Colpocephaly with seizure disorder in an adult- report of a rare case

Prinka Arora; Kumar Mahesh

doi:10.30834/KJP.35.1.2022.304

Authors

Prinka Arora Assistant Professor. Department of Psychiatry, Dr.Baba Saheb Ambedkar Medical College& Hospital, Delhi
Mahesh Kumar Associate Professor. Department of Psychiatry, Dr.Baba Saheb Ambedkar Medical College& Hospital, Delhi.

DOI:

https://doi.org/10.30834/KJP.35.1.2022.304

Abstract

Colpocephaly is a congenital abnormality in the ventricular system of the brain. It is a rare anatomic finding in the brain characterized by occipital horns that are disproportionately enlarged compared to other parts of the lateral ventricles. The radiological diagnosis is usually made in the perinatal period and early childhood. The patient usually suffers from mental retardation, seizures and delayed motor milestones in early childhood and presents other congenital anomalies like meningomyelocele.
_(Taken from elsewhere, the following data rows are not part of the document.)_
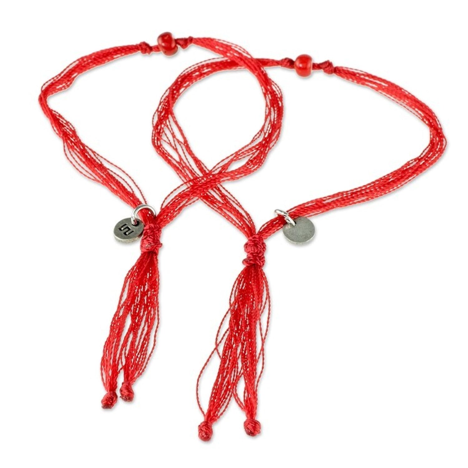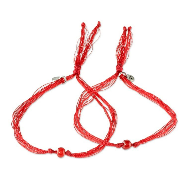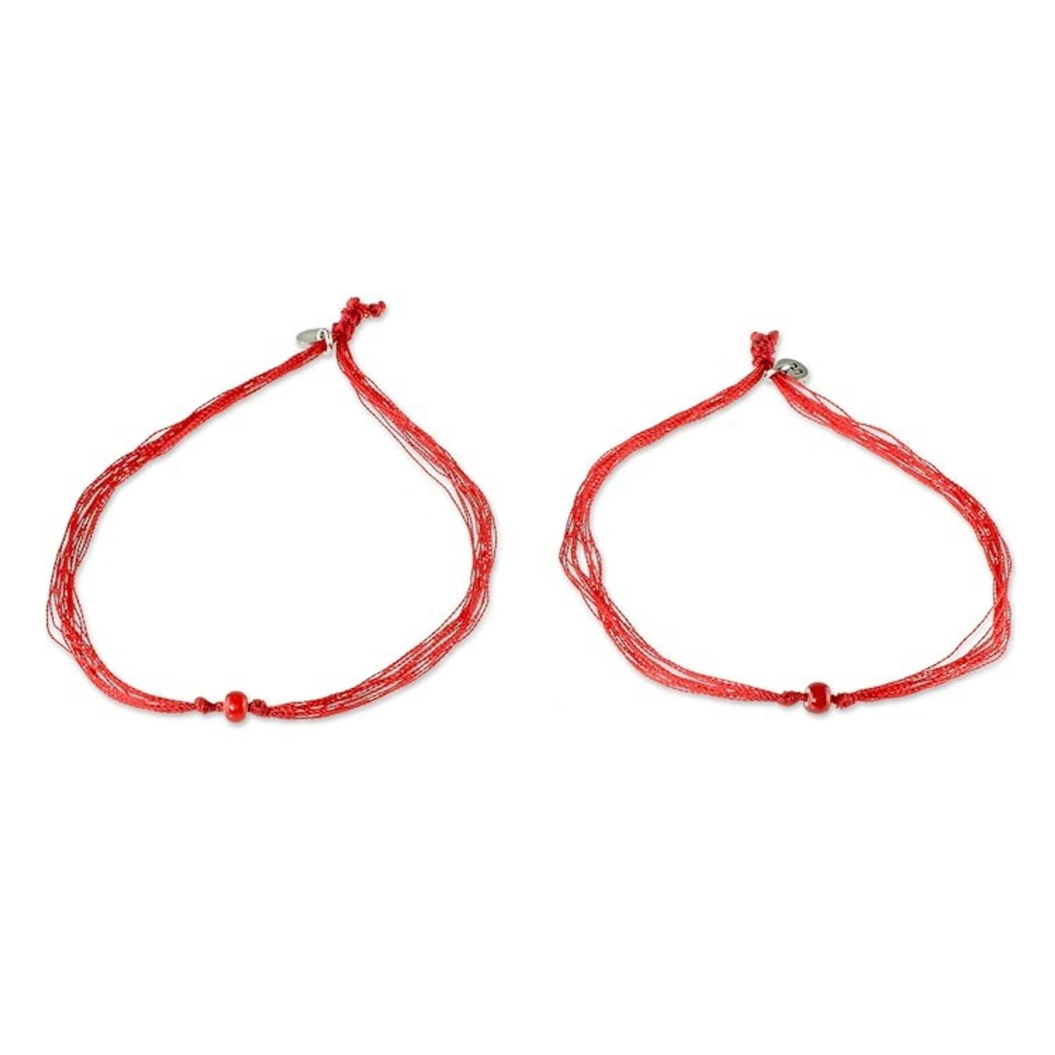 This Red Cord Bracelets with Red Glass Beads Pair 'For You and Me' by Independent Artisans is a fun pair of bracelets designed to be shared with a special friend. Crafted by Wakami artisans in Guatemala, they are made of bright red waxed polyester cords and are centered with red glass beads. A sliding knot allows the length to be adjusted, making them perfect for any wrist size. The bracelets are a symbol of dreams, hope, and unity, and they help to connect rural artisans with global markets.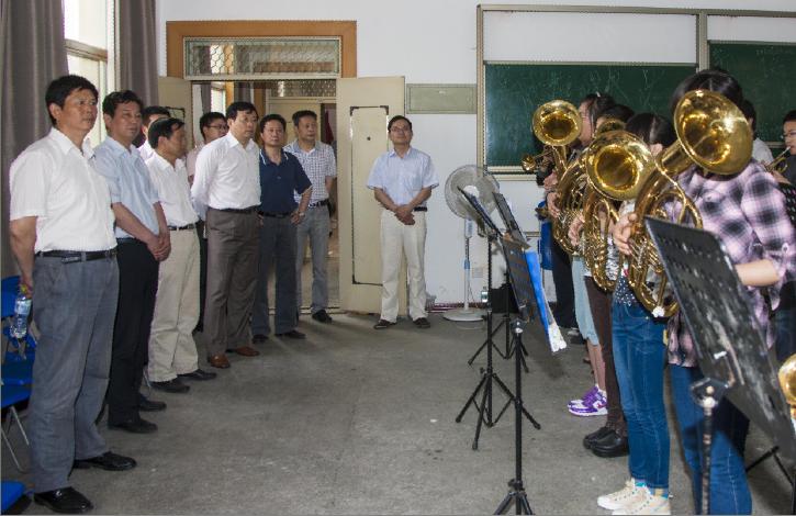 在排练现场,刘延庆书记等观看了我院团管乐队为迎校庆110周年而排练的四首曲目的表演。表演结束后,刘书记对铜管演出给予了充分的肯定和高度的赞扬,对铜管乐队近来取得的优秀成绩表示了肯定。同时,刘书记还向同学们简单的介绍了此次校庆活动的安排,他希望同学们能够克服困难加紧排练,注意饮食保重身体,再接再厉,为迎接我校110周年校庆鼓足干劲,提高乐队整体水平,为校庆献上高质量的精彩表演,展现扬州大学独有的艺术魅力。在离开排练现场时,刘书记希望学院做好铜管乐队的后勤工作确保校庆期间表演的正常有序。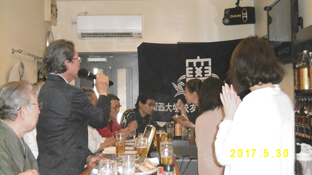 学歌流れる会場に集合。最初に全員で学歌斉唱のあと、西出弘秋「カラオケ友の会」部会長挨拶では、幹事会(飯島明幹事・吉田常佳顧問・松浪啓一副顧問)の紹介があり、「生きがいを育む」「親睦を深める」「決してプロの歌手を目指さない」「なんで歌手になれへんの?と言われること」という会の趣旨の説明があった。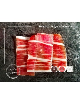 Ibérico loncheado en sobres individuales de 100-130 grs. envasado al vacío.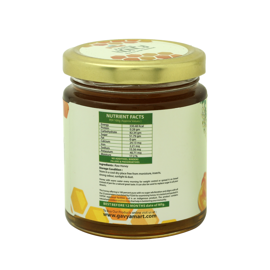 At gavyamart, we do not heat our honey. After harvesting honey, we do a simple straining of the harvested honey through a cloth or mesh. We filter it 3 times resulting in clear viscous honey free from wax particles. if there is small wax part or pollen which can pass through cloth mesh completely natural and safe to consume. It is neither artificially flavoured or coloured. It is procured through our own beekeeping team. This product contains no additives, is free from artificial preservatives, synthetic fillers or binders.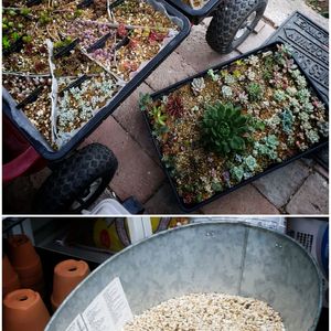 しまったしまったしまくらちよこ 去年作ったセダムコンテナの土が細かすぎて今年のクソ長いクソ梅雨を越せそうにない。 セダムだから多少湿り気味でもええやんねと手元にあるもの使ったのがoh間違い。 明日からチマチマ植え替えるかねー目疲れそ…

Adult cases of colpocephaly have rarely been reported. This case report describes a case of a 21 year old man who presented with epileptic seizures occurring for the last three years. Nothing significant was found on the physical and mental state examination. His EEG was unremarkable. His CT Scan revealed Colpocephaly with dysgenetic corpus callosum with intracerebral lipoma. The patient was put on antiepileptics and his epileptic seizures resolved.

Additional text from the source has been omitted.